The Federal Highway Administration's (FHWA's) Office of Planning, Environment, and Realty's research program supports projects with the goal of strengthening transportation planning and environmental decisionmaking. This page features recent research projects and activities that FHWA conducted to achieve this goal. Links to previous research highlights can be found at the bottom of the page. Updated: 5/2/2013
- Environmental Justice Case Studies was released in March 2013.The Transportation and Environmental Justice Case Studies booklet, was developed to draw attention to effective practices on how to better promote environmental justice principles. The case studies profile how various transportation agencies have integrated environmental justice considerations in their activities to improve transportation decision making. Two pdf files are also provided as a download that can be used for presentation purposes. HEP Staff Contact: Sharlene Reed, (202)366-9629.
- The Stochastic Empirical Loading and Dilution Model (SELDM) completed in March 2013, replaces the FHWA runoff-quality model (Driscoll) published in 1990. SELDM was developed by USDOT Federal Highway Administration (FHWA) in coordination with U.S. Geological Survey (USGS) The model uses information and data about a highway site, water quality of upstream receiving waters, precipitation events, storm-flow, and the performance of mitigation measures, to produce a stochastic population of runoff-quality variables. It is designed to help determine pollutant loading levels for planning or NEPA level studies. This robust model was tested by FHWA, many state DOTs, USEPA, academia, and several other regulatory agencies, and is acceptable to DOTs, regulators, and resource-management agencies. For more information about the pending training sessions HEP Staff Contact: Susan C. Jones, FHWA, (202) 493-2139 or Gregory E. Granato, U.S. Geological Survey, (508) 490-5055.

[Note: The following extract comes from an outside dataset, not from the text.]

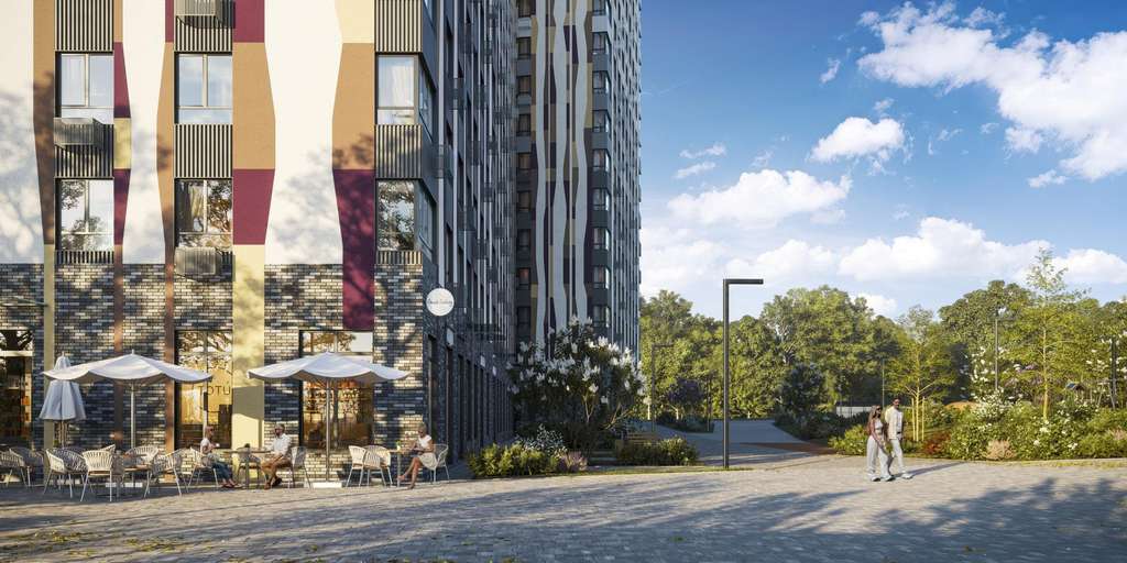 Дома высотой до 22 этажей построены по монолитной технологии. Рисунок на фасадах отсылает к традиционному искусству Староселья — плетению кружев из стекляруса.

- Evaluation of Methodologies for Visual Impact Assessments was completed in February 2013. The research report identifies a set of best practices that "provide an administratively practical and scientifically defensible, professionally useful approach" for conducting visual impact assessments. Despite issuance of 1981 guidelines by FHWA, visual impact assessments have been inconsistent across state DOTs, prompting a call for a more standard approach. According to the study conducted under the National Cooperative Highway Research Program, Project 25-33, "all [visual impact assessment] methodologies currently being used by transportation agencies could be improved by incorporating one or more of the best practices," noting that no agencies are currently using all of the recommended practices. HEP Staff Contact: Harold Peaks, (202)366-1598.
Real Estate Services
- Coordination with Railroads to Facilitate Acquisition of ROW was released in June 2012. The research developed approaches which will be useful to acquiring agencies as they advance right-of-way access and land acquisition programs. This includes identifying the best ways to use FHWA resources to help SDOTs and other local public agencies successfully and expeditiously achieve railroad access agreements and acquisitions consistent with the provisions of the Uniform Relocation Assistance and Real Property Acquisition Policies Act of 1970 as amended, also known as the Uniform Act (UA). HEP Staff Contact: John Turpin, (202)366-5853.
- The Visualization of Right-of-Way (ROW) Acquisition report, completed in June 2012, analyzed the reasons why visualization use during ROW acquisition is not common, despite its potential benefits, and explores how select state DOTs are applying this process to their work.
- The Business Relocation Assistance Retrospective study report, released in the summer of 2012, analyzes actual costs businesses incur as a result of having to relocate for a public transportation project.
- The Infrastructure Voluntary Evaluation Sustainability Tool (INVEST) Version 1.0 was released in October 2012 to assist State, regional, and local transportation agencies in evaluating the sustainability of their transportation plans, projects, and programs.
- Going the Distance Together - Context Sensitive Solutions (CSS) for Better Transportation, published in April 2012, is a guide designed to help practitioners find common ground with citizens by listening to them and understanding how transportation affects their quality of life.
- Eco-Logical Successes, a report released in September 2012, highlights signatory agencies' strategic environmental programs, projects, and efforts that share the vision set forth in Eco-Logical. The ecosystem-scale approach to prioritizing, developing, and delivering infrastructure projects which are more sensitive to terrestrial and aquatic habitats.